→ Your goal
Only the lines below from the one containing "по границе между" to the one containing "MENSCHENRECHTSVERLETZUNGEN MIT AUGENMASS" should be repeated, both included and unchanged.

→ Records provided
◆ ◆ ◆ ◆ ◆ ◆ ◆
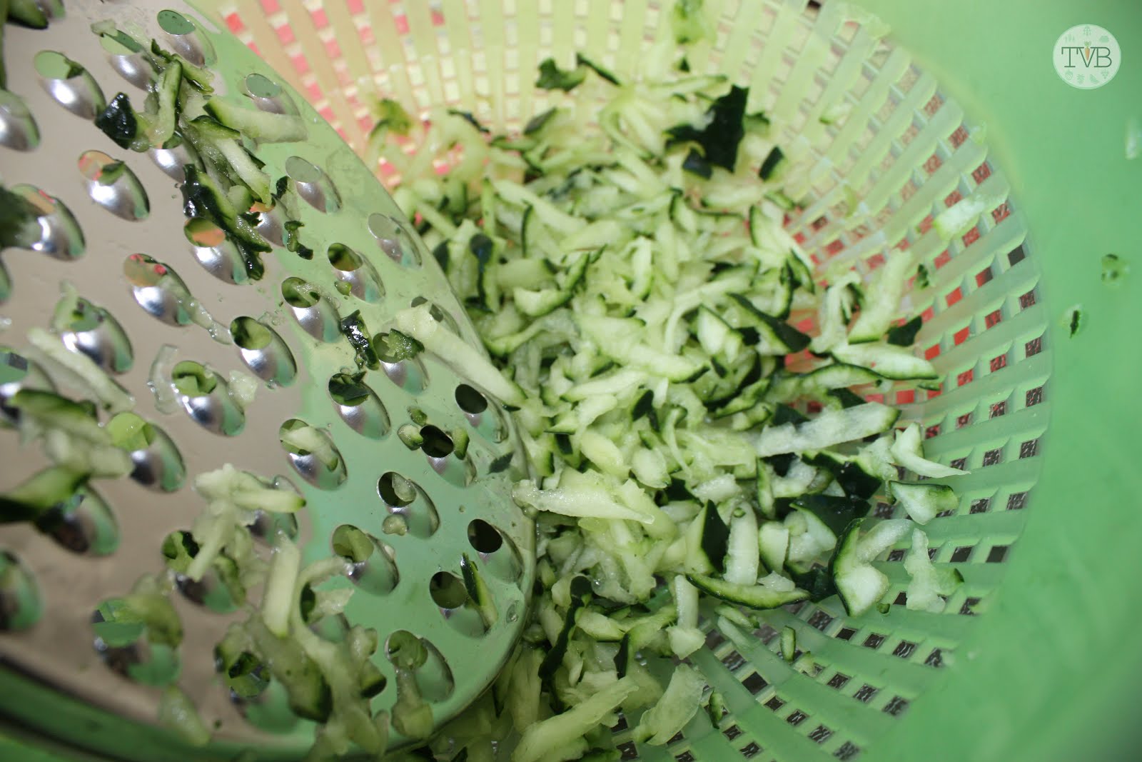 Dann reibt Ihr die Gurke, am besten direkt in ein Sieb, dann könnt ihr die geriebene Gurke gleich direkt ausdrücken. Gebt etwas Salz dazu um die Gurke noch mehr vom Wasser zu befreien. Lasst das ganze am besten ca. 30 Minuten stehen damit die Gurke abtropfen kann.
◆ ◆ ◆ ◆ ◆ ◆ ◆
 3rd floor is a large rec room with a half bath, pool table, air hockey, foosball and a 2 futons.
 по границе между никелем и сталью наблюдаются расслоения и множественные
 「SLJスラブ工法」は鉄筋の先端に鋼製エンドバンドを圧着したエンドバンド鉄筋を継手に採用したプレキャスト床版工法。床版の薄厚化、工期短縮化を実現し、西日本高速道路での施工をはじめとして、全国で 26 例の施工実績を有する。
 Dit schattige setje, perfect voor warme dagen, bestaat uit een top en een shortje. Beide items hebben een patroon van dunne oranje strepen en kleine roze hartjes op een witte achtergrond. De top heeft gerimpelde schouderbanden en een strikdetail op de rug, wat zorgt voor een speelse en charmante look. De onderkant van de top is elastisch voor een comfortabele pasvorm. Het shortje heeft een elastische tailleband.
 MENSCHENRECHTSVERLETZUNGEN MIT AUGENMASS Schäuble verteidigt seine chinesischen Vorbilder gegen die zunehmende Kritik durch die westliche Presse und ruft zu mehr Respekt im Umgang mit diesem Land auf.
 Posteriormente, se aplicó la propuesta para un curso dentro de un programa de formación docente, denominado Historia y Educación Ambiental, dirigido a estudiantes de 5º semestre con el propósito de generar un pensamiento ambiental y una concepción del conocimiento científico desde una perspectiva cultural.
◆ ◆ ◆ ◆ ◆ ◆ ◆
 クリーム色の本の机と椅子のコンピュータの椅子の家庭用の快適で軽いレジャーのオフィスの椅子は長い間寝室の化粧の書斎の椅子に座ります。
◆ ◆ ◆ ◆ ◆ ◆ ◆
→ Result for this task
 по границе между никелем и сталью наблюдаются расслоения и множественные
 「SLJスラブ工法」は鉄筋の先端に鋼製エンドバンドを圧着したエンドバンド鉄筋を継手に採用したプレキャスト床版工法。床版の薄厚化、工期短縮化を実現し、西日本高速道路での施工をはじめとして、全国で 26 例の施工実績を有する。
 Dit schattige setje, perfect voor warme dagen, bestaat uit een top en een shortje. Beide items hebben een patroon van dunne oranje strepen en kleine roze hartjes op een witte achtergrond. De top heeft gerimpelde schouderbanden en een strikdetail op de rug, wat zorgt voor een speelse en charmante look. De onderkant van de top is elastisch voor een comfortabele pasvorm. Het shortje heeft een elastische tailleband.
 MENSCHENRECHTSVERLETZUNGEN MIT AUGENMASS Schäuble verteidigt seine chinesischen Vorbilder gegen die zunehmende Kritik durch die westliche Presse und ruft zu mehr Respekt im Umgang mit diesem Land auf.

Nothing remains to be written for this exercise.